JP4117290B2 - Image quality improving method and image quality improving apparatus - Google Patents

Description

  The present invention relates to flare correction.

  In an image display device such as a television receiver or a video projector, it is known that image quality deteriorates due to the occurrence of flare. Flares are light edges that leak into bright areas due to reflection or scattering of light on the tube or projection tube of the picture tube or projection tube. This is a phenomenon where the boundary of the area is blurred.

  In order to correct such flare, image processing for emphasizing edges with a large luminance difference in the display image is performed. Referring to FIG. 3, a conventional example of an image quality improving apparatus that performs flare correction by image processing that emphasizes an edge (Japanese Patent Laid-Open No. 1-224694 (Patent Document 1) or Japanese Patent Laid-Open No. 1-224685 (Patent Document 2)). The block diagram showing the configuration of the reference) is shown. In FIG. 3, image processing for emphasizing the edge of the Y signal among the luminance (Y) color (C) signals is performed.

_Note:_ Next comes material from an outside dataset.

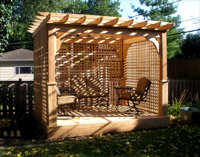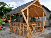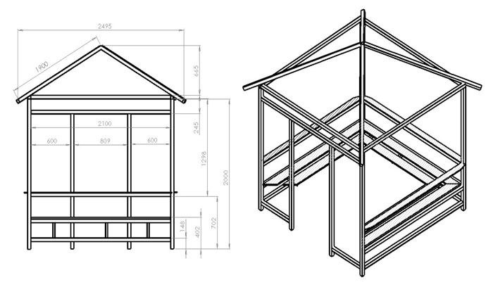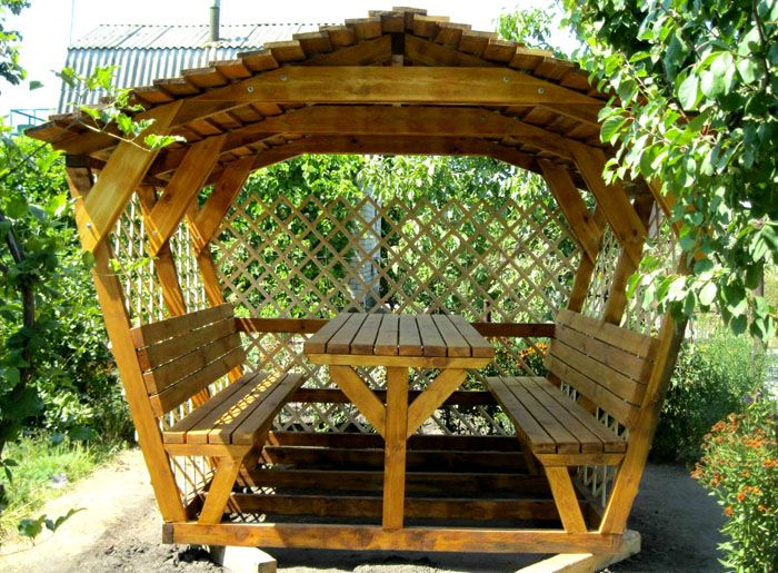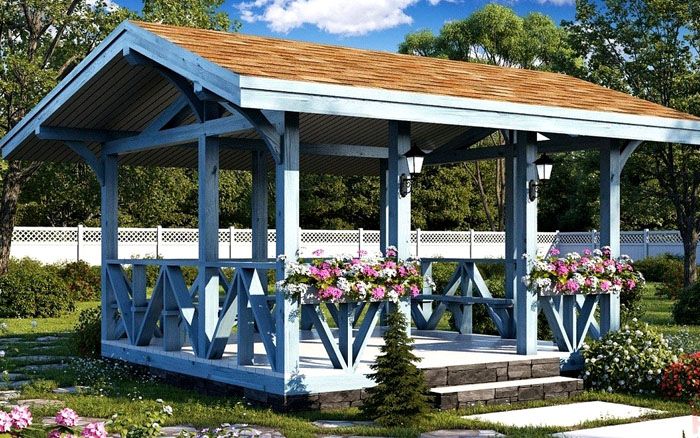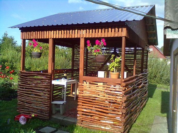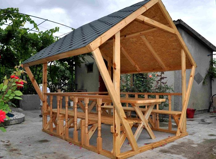 ภาพด้านล่างแสดงศาลาไม้ทำเองง่ายๆสำหรับกระท่อมฤดูร้อน:

In FIG. 3, a Y input signal (Y _in ) is input to a delay compensation circuit 31 and a two-dimensional low-pass filter (LPF) circuit 32. The delay compensation circuit 31 is a circuit that delays an input signal by a time required for processing of the two-dimensional LPF circuit 32. The two-dimensional LPF circuit 32 is a filter that removes frequency components (edge components) higher than a predetermined frequency from an input signal. The two-dimensional LPF circuit 32 includes a unit delay circuit, a gain adjustment circuit, an addition circuit, and the like, and removes high-frequency components of the input signal by replacing the data of a certain pixel with the weighted average of the data of a plurality of neighboring pixels. (See Patent Document 2).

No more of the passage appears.